** GOAL OF THE EXERCISE **
Please give an exact printout of the records, without any pictures.
*** Opening MATERIAL TO PROCESS ***
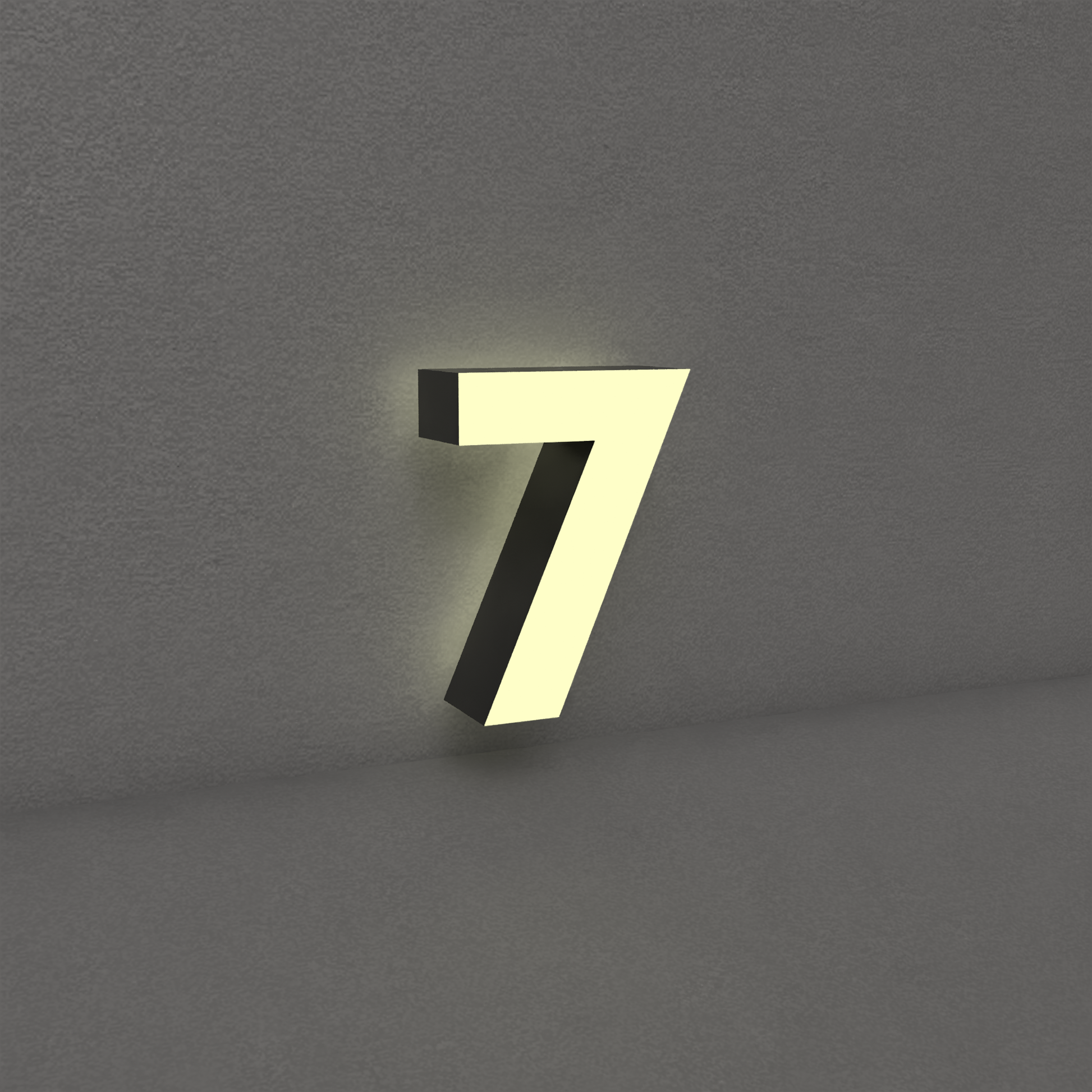 Zur Front hin strahlt das Licht präzise, ruhig und hell – für maximale Sichtbarkeit bei Tag und Nacht. Gleichzeitig erzeugt der rückseitige Lichtaustritt einen zarten Schein auf der Wand, der die Ziffer wie von innen heraus zum Leuchten bringt.
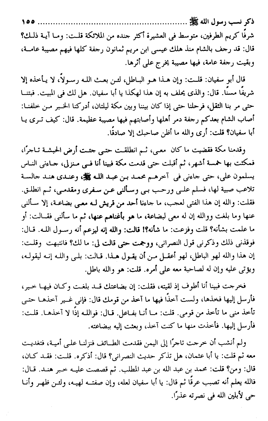 قال أبو سفيان: قلت: وإن هذا هو الباطل، لئن بعث الله رسولا، لا يأخذه إلا شريفا مسنا. قال: والذى يحلف به إن هذا لهكذا يا أبا سفيان. هل لك فى المبيت. فبتنا حتى مر بنا الثقل، فرحلنا حتى إذا كان بيننا وبين مكة ليلتان، أدركنا الخبر من خلفنا:
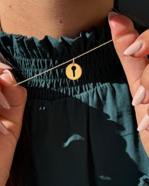 Découvrez le charme du collier médaille clé sésame, une interprétation unique et raffinée du thème de la clé, signature de la marque. Confectionné en or 18 carats recyclé, le collier médaille : un disque d’or poli miroir, délicatement évidé en son centre pour révéler la silhouette d’une clé, comme une serrure…
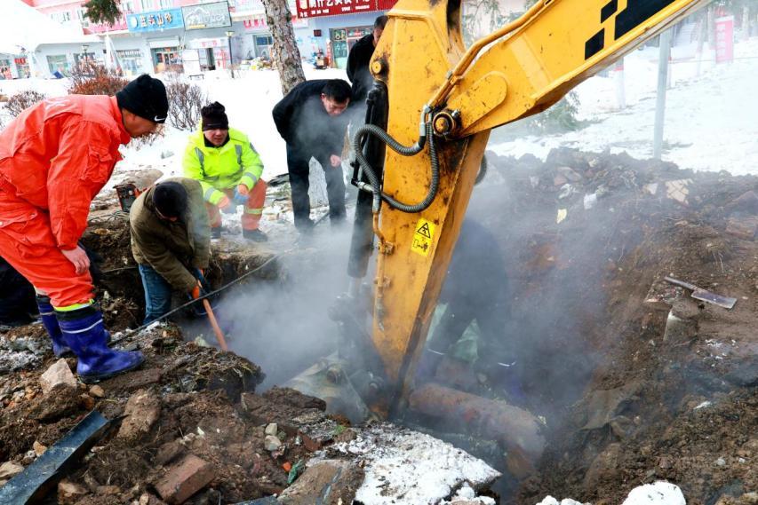 此次搶修時間緊、任務重,若未能及時處置,不僅可能導致支線管網(wǎng)凍裂,更會影響2號換熱站覆蓋的樓房、商服及居民用戶的正常供暖。面對突發(fā)險情,林業(yè)局迅速啟動供暖應急搶修預案,相關人員第一時間趕赴現(xiàn)場,反復研究制定最優(yōu)搶修方案。
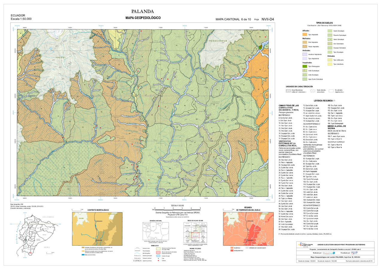 El mapa de Geopedología a escala 1:25.000, con formato vector, se genera en el marco del proyecto de 'Levantamiento de cartografía temática a escala 1:25.000, Lotes 1 y 2', realizado por el Consorcio TRACASA-NIPSA por contrato de la UE MAGAP PRAT - SIGTIERRAS, Programa del Ministerio de Agricultura, Ganadería, Acuacultura y Pesca (MAGAP). Esta cartografía contiene información sobre las características y propiedades de los distintos tipos de suelos que existen en el cantón 'PALANDA', su clasificación y sus límites en el mapa. En la metodología utilizada se sigue un enfoque geopedológico, basado en la alta correlación que existe entre la geomorfología (formas de relieve) y el suelo. Para la clasificación taxonómica de los suelos se siguen los criterios de la SoilTaxonomy (Claves para la Taxonomía de Suelos, 2006 y 2010), tomando como unidad taxonómica de clasificación el subgrupo y como unidad cartográfica el perfil modal o perfil característico de la unidad edáfica. La base de datos geopedológica consta de 14 variables derivadas de estos resultados de laboratorio para las zonas de semidetalle; en reconocimiento las mismas tienen datos de laboratorio complementadas con datos adquiridos de la información secundaria.
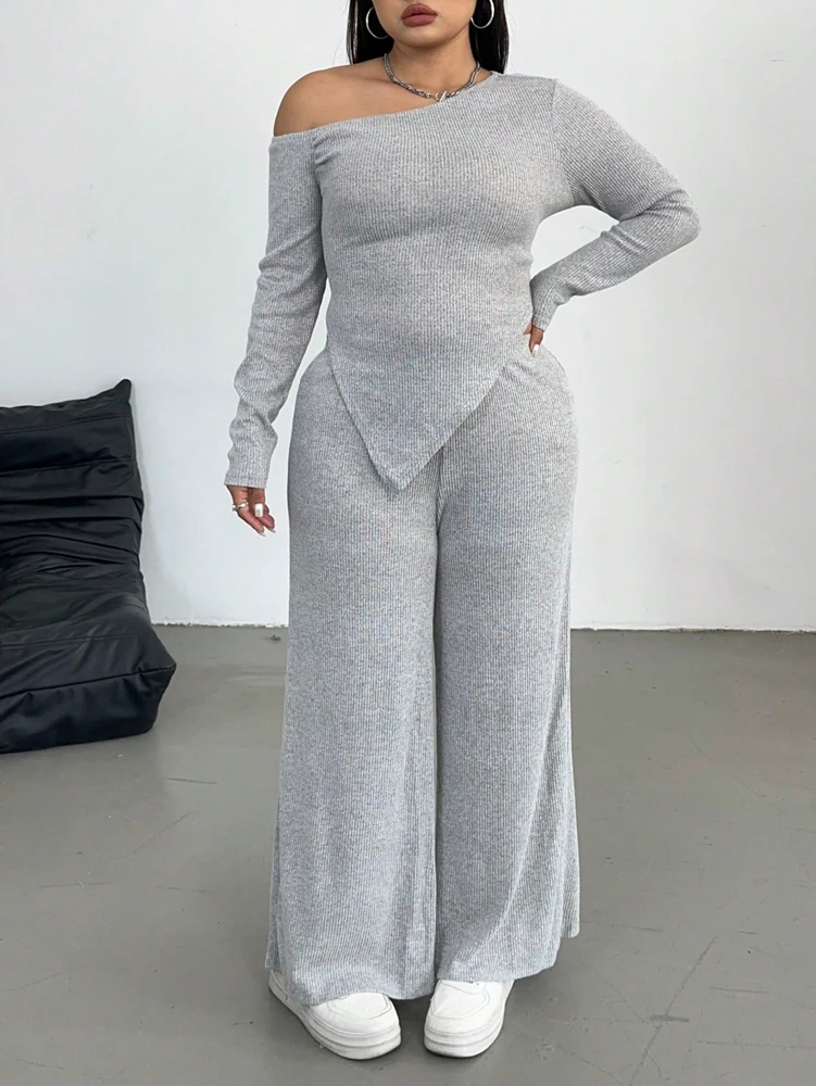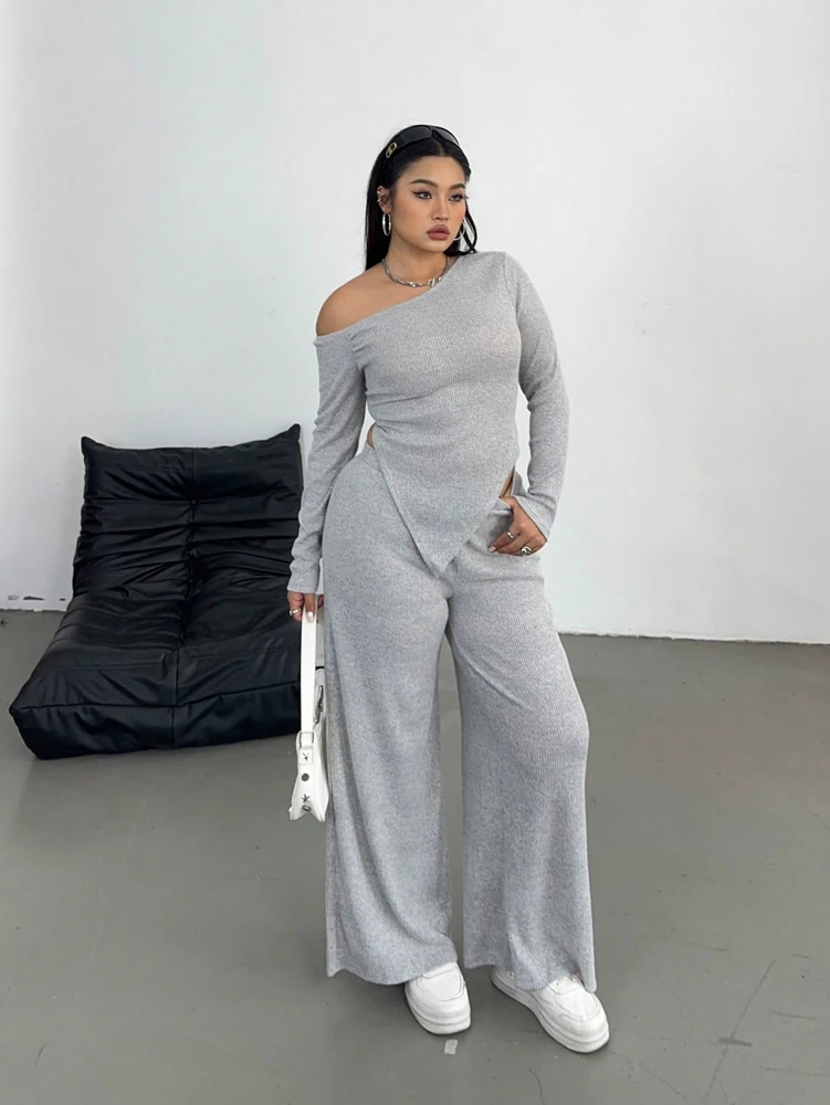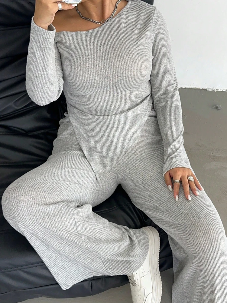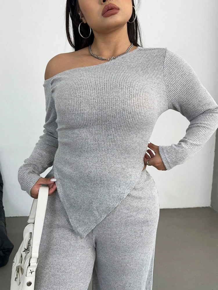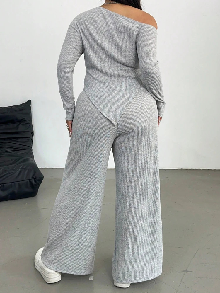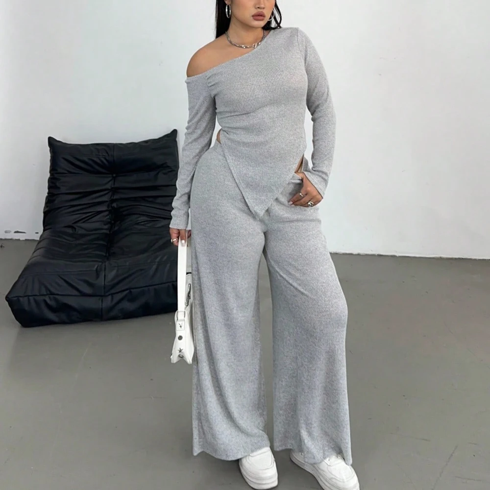 Grey Slash Shoulder Two Piece Set – Relaxed Wide Leg Comfort
*** Closing MATERIAL TO PROCESS ***
** FINISHED EXERCISE **
 Zur Front hin strahlt das Licht präzise, ruhig und hell – für maximale Sichtbarkeit bei Tag und Nacht. Gleichzeitig erzeugt der rückseitige Lichtaustritt einen zarten Schein auf der Wand, der die Ziffer wie von innen heraus zum Leuchten bringt.
 قال أبو سفيان: قلت: وإن هذا هو الباطل، لئن بعث الله رسولا، لا يأخذه إلا شريفا مسنا. قال: والذى يحلف به إن هذا لهكذا يا أبا سفيان. هل لك فى المبيت. فبتنا حتى مر بنا الثقل، فرحلنا حتى إذا كان بيننا وبين مكة ليلتان، أدركنا الخبر من خلفنا:
 Découvrez le charme du collier médaille clé sésame, une interprétation unique et raffinée du thème de la clé, signature de la marque. Confectionné en or 18 carats recyclé, le collier médaille : un disque d’or poli miroir, délicatement évidé en son centre pour révéler la silhouette d’une clé, comme une serrure…
 此次搶修時間緊、任務重,若未能及時處置,不僅可能導致支線管網(wǎng)凍裂,更會影響2號換熱站覆蓋的樓房、商服及居民用戶的正常供暖。面對突發(fā)險情,林業(yè)局迅速啟動供暖應急搶修預案,相關人員第一時間趕赴現(xiàn)場,反復研究制定最優(yōu)搶修方案。
 El mapa de Geopedología a escala 1:25.000, con formato vector, se genera en el marco del proyecto de 'Levantamiento de cartografía temática a escala 1:25.000, Lotes 1 y 2', realizado por el Consorcio TRACASA-NIPSA por contrato de la UE MAGAP PRAT - SIGTIERRAS, Programa del Ministerio de Agricultura, Ganadería, Acuacultura y Pesca (MAGAP). Esta cartografía contiene información sobre las características y propiedades de los distintos tipos de suelos que existen en el cantón 'PALANDA', su clasificación y sus límites en el mapa. En la metodología utilizada se sigue un enfoque geopedológico, basado en la alta correlación que existe entre la geomorfología (formas de relieve) y el suelo. Para la clasificación taxonómica de los suelos se siguen los criterios de la SoilTaxonomy (Claves para la Taxonomía de Suelos, 2006 y 2010), tomando como unidad taxonómica de clasificación el subgrupo y como unidad cartográfica el perfil modal o perfil característico de la unidad edáfica. La base de datos geopedológica consta de 14 variables derivadas de estos resultados de laboratorio para las zonas de semidetalle; en reconocimiento las mismas tienen datos de laboratorio complementadas con datos adquiridos de la información secundaria.
 Grey Slash Shoulder Two Piece Set – Relaxed Wide Leg Comfort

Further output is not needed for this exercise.